The testimony was given solely to the defense for the purposes of conducting the trial. In these circumstances, the dissemination of the raw evidence, which has not been submitted to the court, is improper.”
During Friedland’s testimony, the prosecution tried to obtain information from him about Talansky’s ties with Olmert.
The witness said that in January 2006, as Kool-Tech employees watched a television program reporting that then-Prime Minister Ariel Sharon had suffered his second stroke and that Olmert would become acting prime minister, “Moshe Talansky started to go wild.
“It was a surrealistic scene,” testified Friedland. “He danced on the tables and was ecstatic.
It was sad to see so I threw him out of the office and told him to go home. It was inappropriate to do what he did. It was an unpleasant scene.”
Friedland then said that a few days later, while the two were driving somewhere, Talansky tried to mollify Friedland, whom he knew was mad at him.
“He told me about his ties with Olmert,” the witness said.
“How they got to know each other was when he was fundraising for Shaarei Tzedek Medical Center and the Jerusalem Fund and Olmert was serving as mayor of Jerusalem.
“You have to understand me,” Talansky said according to Friedland. “All these years I’ve been supporting Olmert, funding him. When he comes to New York, I buy him cigars and ties. He likes the good life.”
According to Friedland, Talansky told him, “I bet on the right horse. All politicians have their hands in someone’s pockets.”
Olmert’s lawyer, Nevot Tel- Tzur interrupted Friedland’s testimony to remind the court that the witness and Talansky were on bad terms.
Friedland went on say that he and his partner never got along well, but that the final break came when he was told by his son-in-law and by the secretary Sabrina Bicic, who was allegedly directly involved, that Talansky had brought an envelop of money into the office, asked Bici to count it and then had it sent by Fed-Ex to Olmert’s office in Israel.
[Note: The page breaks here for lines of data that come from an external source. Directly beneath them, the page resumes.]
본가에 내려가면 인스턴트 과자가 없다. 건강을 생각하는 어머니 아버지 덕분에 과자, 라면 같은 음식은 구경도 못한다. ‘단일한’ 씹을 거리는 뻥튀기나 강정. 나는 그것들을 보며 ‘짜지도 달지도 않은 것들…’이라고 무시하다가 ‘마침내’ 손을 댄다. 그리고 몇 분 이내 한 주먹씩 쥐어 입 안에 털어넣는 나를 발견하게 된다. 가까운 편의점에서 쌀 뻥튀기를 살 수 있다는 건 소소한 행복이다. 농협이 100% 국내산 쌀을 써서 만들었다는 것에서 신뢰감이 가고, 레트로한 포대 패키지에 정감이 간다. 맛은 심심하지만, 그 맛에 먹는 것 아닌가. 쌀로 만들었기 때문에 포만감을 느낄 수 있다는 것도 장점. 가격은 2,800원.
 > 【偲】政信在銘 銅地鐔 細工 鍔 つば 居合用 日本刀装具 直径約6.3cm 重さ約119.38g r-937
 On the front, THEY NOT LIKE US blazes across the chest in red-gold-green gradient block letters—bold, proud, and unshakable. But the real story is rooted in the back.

The envelop contained $10,000, he said.
Friedland added that he had blasted Talansky for involving Kool-Tech in his relations with Olmert, including sending the envelop at the company’s expense.
During cross-examination, Tel-Tzur pointed out that Bicic had denied Friedland’s description of these events during testimony before the US Federal Bureau of Investigation on July 8, 2008.
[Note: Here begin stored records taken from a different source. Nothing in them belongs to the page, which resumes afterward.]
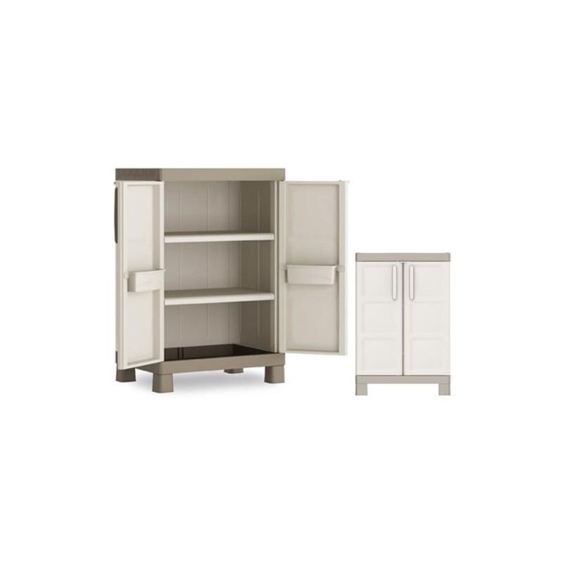ARMADIO RESINA BASSO 2 RIPIANI "EXCELLENCE KETER" BEIGE/TORT.L65 P45 H97 L. x P. x H.: 65x45x97 cm. Colore: Beige/Tortora Armadio in resina - Porte chiudibili con serratura - Facile da assemblare - Piedini rialzati - 2 ripiani regolabili con una portata di 15 kg ciascuno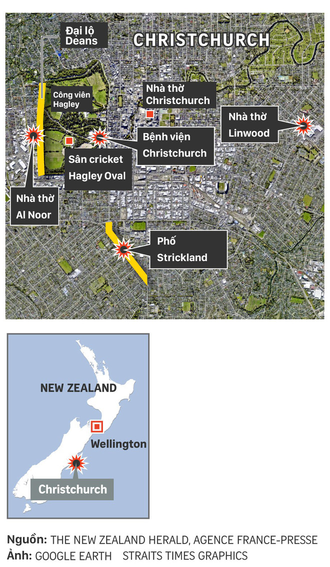 - Có ít nhất 40 người thiệt mạng và hơn 60 người khác bị thương trong các vụ xả súng ở 3 địa điểm tại Christchurch, New Zealand.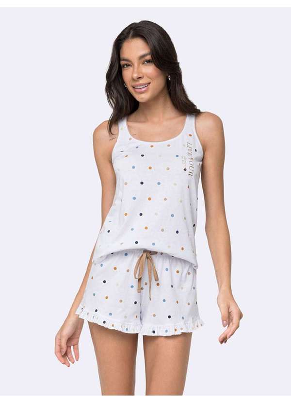 O Pijama Regata Raízes do Sol é confeccionado em 100% algodão, proporcionando frescor e toque macio para noites tranquilas. A estampa de poás multicoloridos espalha leveza e alegria pela peça, enquanto a frase ?Live Your Dreams? ganha destaque com aplicação em foil dourado, trazendo charme e brilho sutil. O short com cadarço e babadinhos na barra complementa o visual com romantismo e conforto. Um pijama encantador para quem ama os detalhes! Garanta já o seu e transforme o descanso em um momento de cuidado e estilo! ESTAMPA EM FOIL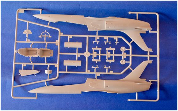 Elementy z pozostałych ramek, jak już wspomniałem są w kolorze szarym. Podczas ich oglądania nie stwierdziłem jakiś rażących niedociągnięć, nadlewek lub miejsc po wypychaczach, które mogły by negatywnie wpłynąć na budowę modelu. Elementy mają bardzo subtelnie zrobione podziały na kadłubie i skrzydłach. Linie i nitowanie są wgłębne, ale nie przesadnie. Razem daje nam ok. 140 elementów w zestawie.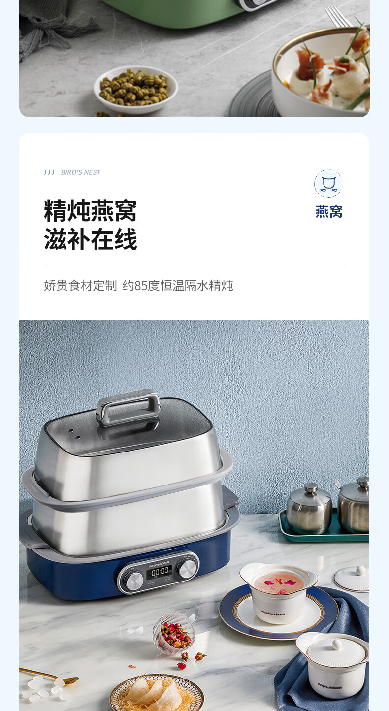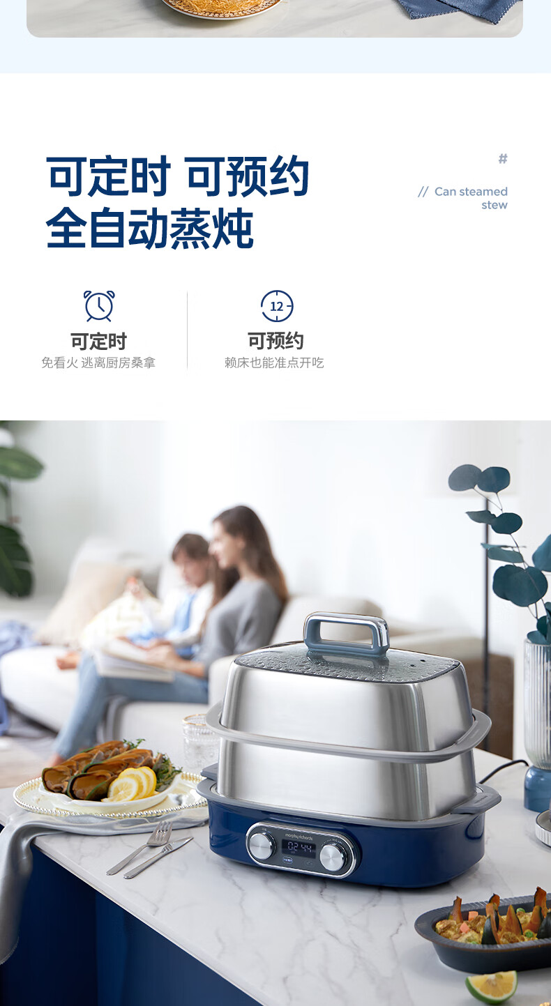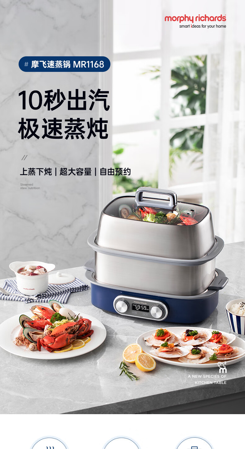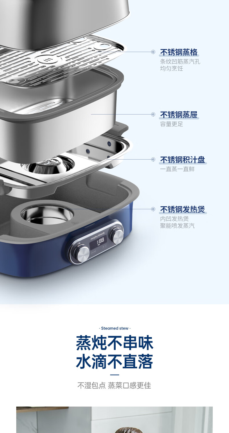 摩飞电器(Morphyrichards)多功能锅 家用蒸炖锅极速电蒸锅电炖锅蒸煮锅 12升容量双层上蒸下炖MR1168轻奢蓝

“Bicic does not specifically recall Talansky ever mentioning the name Ehud Olmert,” read the testimony summary.
“Bicic does not specifically recall a Federal Express envelop or package that was sent by Kool-Tech to Ehud Olmert in Israel.”
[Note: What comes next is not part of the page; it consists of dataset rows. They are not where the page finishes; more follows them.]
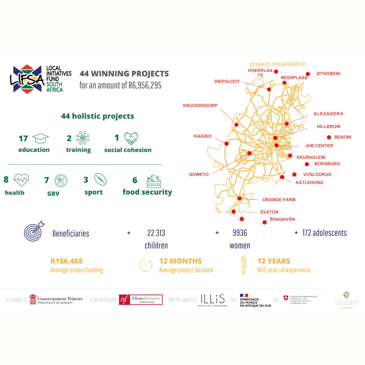The Local Initiatives Fund South Africa (LIFSA) is an initiative of the Government of Monaco in partnership the Alliance Française de Johannesburg, with the support of the French Embassy in South Africa, the Embassy of Switzerland in South Africa and the Saxon Hotel. LIFSA is open to the private companies who would like to invest in a turnkey CSR program.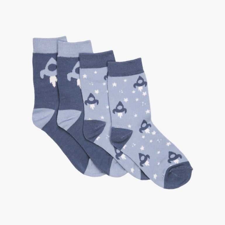 Ribbestrikk og innsydd elastikk rundt ankelen sørger for at sokkene sitter godt uten å stramme. Størrelsesmarkering på innsiden av skaftet gjør det enkelt å holde orden, og to-pakningen gir et praktisk tilskudd av sokker med varierte mønster og farger.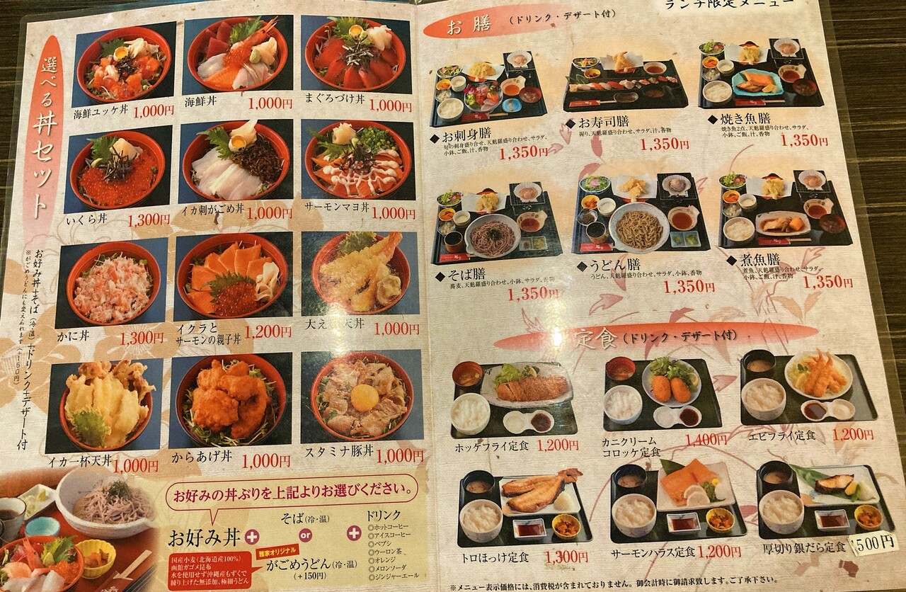 こちらは1000円丼が多数で、一番高い丼でも1300円。

The defense attorney was in a complicated situation. On the one hand, he wanted to prove to the court that Friedland was an unreliable witness when it came to his testimony that incriminated Olmert. On the other hand, he wanted to stress that it was reliable when it came to Friedland’s allegations against Talansky – the state’s key witness in this affair.
Regarding Friedland’s story about the alleged Fed-Ex envelop, Olmert’s public relations team wrote, “This is a hallucinatory story. If someone wants to send money illegally, he won’t do it in a Fed- Ex envelop which is documented and registered, and he won’t send the envelop to a minister’s office, where it will be opened by the secretary in front of everyone. Furthermore, the police could not prove this ridiculous claim.
The secretary of Kool-Tech, and the secretaries in the minister’s office all said in their testimony that nothing like this ever happened, as did the Fed-Ex delivery person in the Ministry of Industry, Commerce and Employment.”
As for Friedland, Olmert’s team wrote, “By bringing Friedland today, the state prosecution has turned the trial into a circus in which it is not the facts that speak but tall stories that belong around the campfire rather than in court.”